Protected area in New South Wales, Australia

Tarcutta Hills Reserve is a 738 ha nature reserve on the lower western slopes of the Great Dividing Range in central west New South Wales, Australia. It is 427 km south-west of Sydney, close to the Hume Highway, and 15 km south of Tarcutta. It is owned and managed by Bush Heritage Australia, which purchased it in 1999, and it is listed on the Register of the National Estate.

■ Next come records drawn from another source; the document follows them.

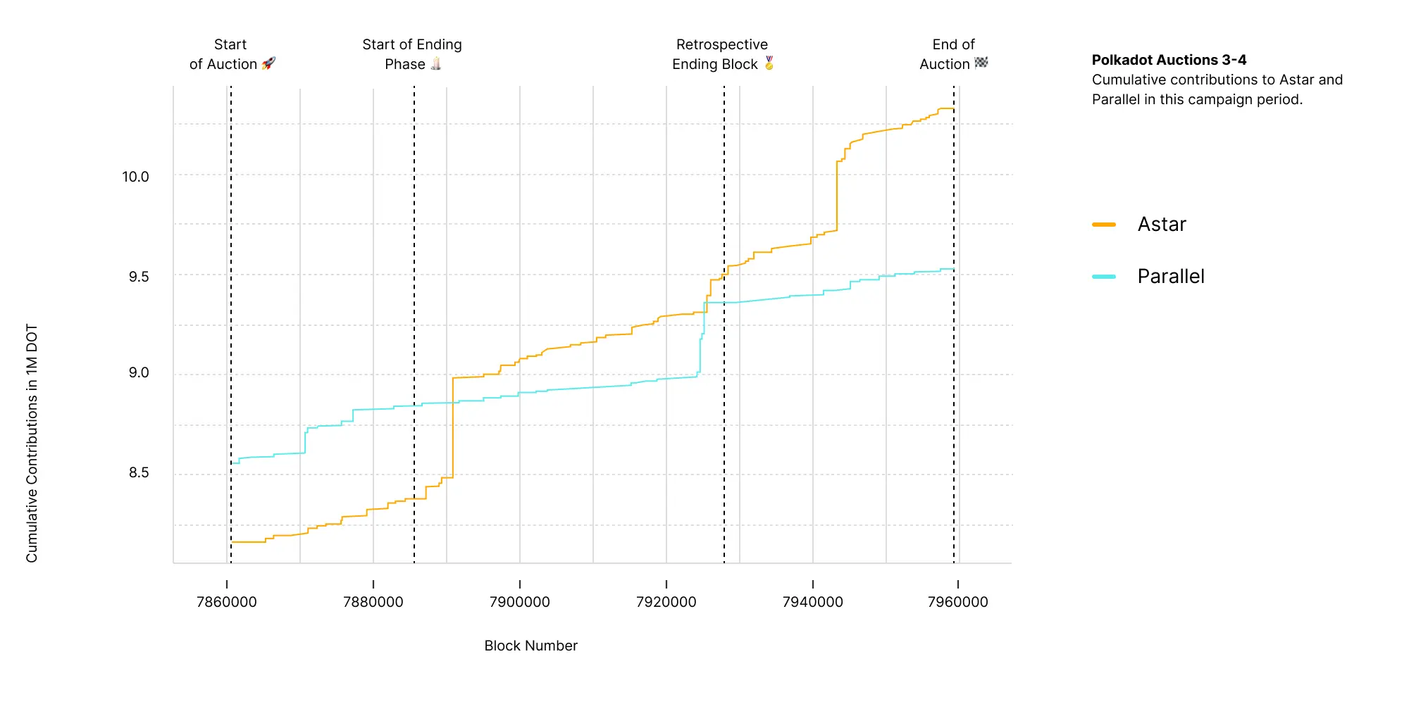 In the end, Astar was able to lead in 92.64% of the blocks in the ending period and thus, with no surprise, won the third auction on Polkadot. In total, 10.3 Million DOT were locked. With no other project coming close, Parallel won the fourth auction without any competition seven days later, with a total contribution of 10.8 Million DOT. Note that once again, the amount locked exceeded the winning bid from the previous auction.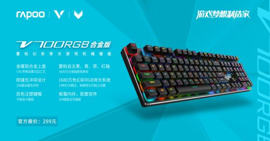 RAPOO雷柏,领军国产外设品牌,实力大厂上市企业发布的V700RGB合金版幻彩背光游戏机械键盘,1680万色的幻彩RGB背光系统,19种的灯光模式,并支持单键背光可独立设置。金属的铝合金上盖,全键无冲突,全键可编程等诸多亮点集一身的雷柏V700RGB合金版,强大的驱动软件也让键盘的可玩性获得更大的提高,售价仅为299元,相信它一定会成为你首选的游戏利器,给你畅快的游戏操作体验。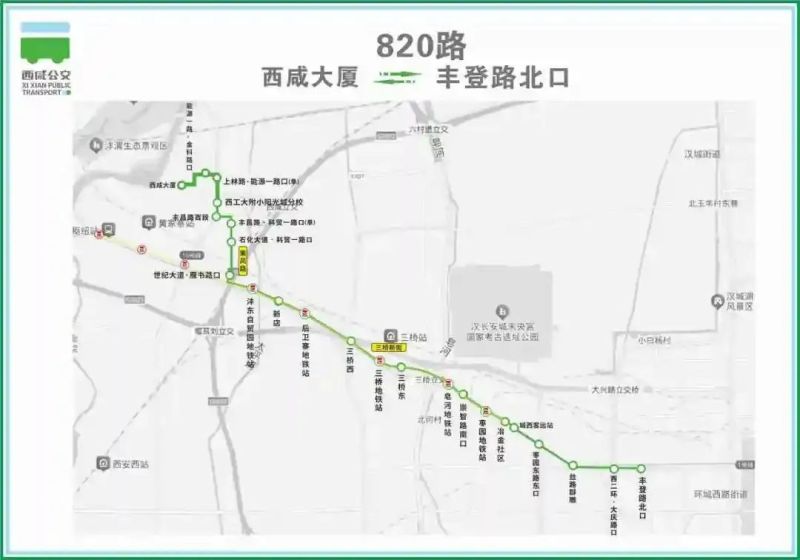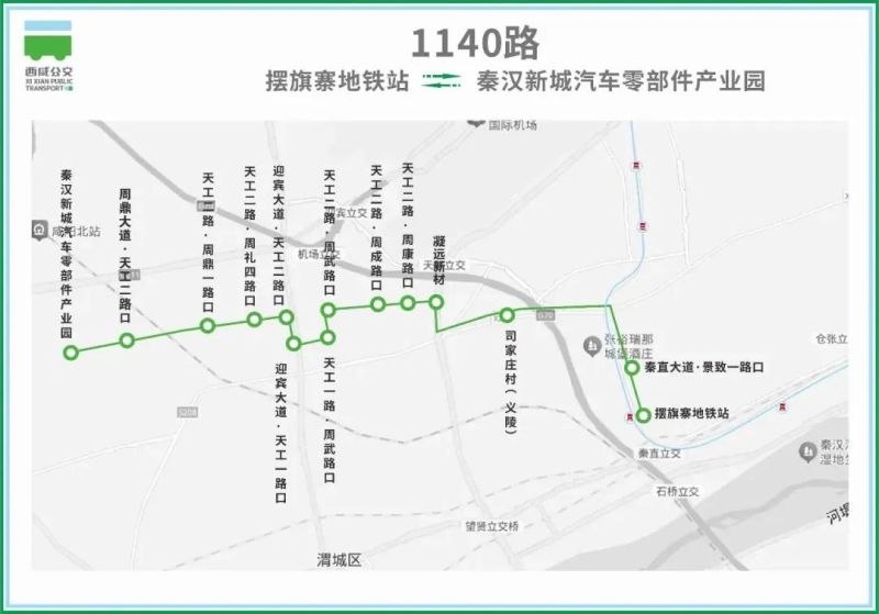 自擺旗寨地鐵站始發,經秦直大道、咸宋路、周成路、天工二路至秦漢新城汽車零部件產業園。
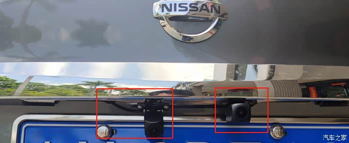 车牌顶部安装的2个摄像头,左边的是倒车影像的,向下。右边的是行车记录仪的,向后面,

In late 2020, Bush Heritage purchased a 288 ha parcel of land, adjacent to the northern boundary of the reserve, extending the total size of the reserve. The new block of land features a large and healthy example of white box-yellow box-Blakely's red gum grassy woodland, an ecological community classified as critically endangered in NSW.

==Landscape and biota==
Tarcutta Hills protects the largest area of intact grassy white box woodland in Australia. It has a high species richness and contains habitat suitable for the threatened turquoise parrot, swift parrot, superb parrot and regent honeyeater. The reserve is part of the South-west Slopes of NSW Important Bird Area, identified as such by BirdLife International because of its importance for the conservation of swift parrots and superb parrots. Some of the plants that have a habitat here are white cypress pine, small-leaf bush pea, honeypot, many-flowered mat-rush, kurrajong.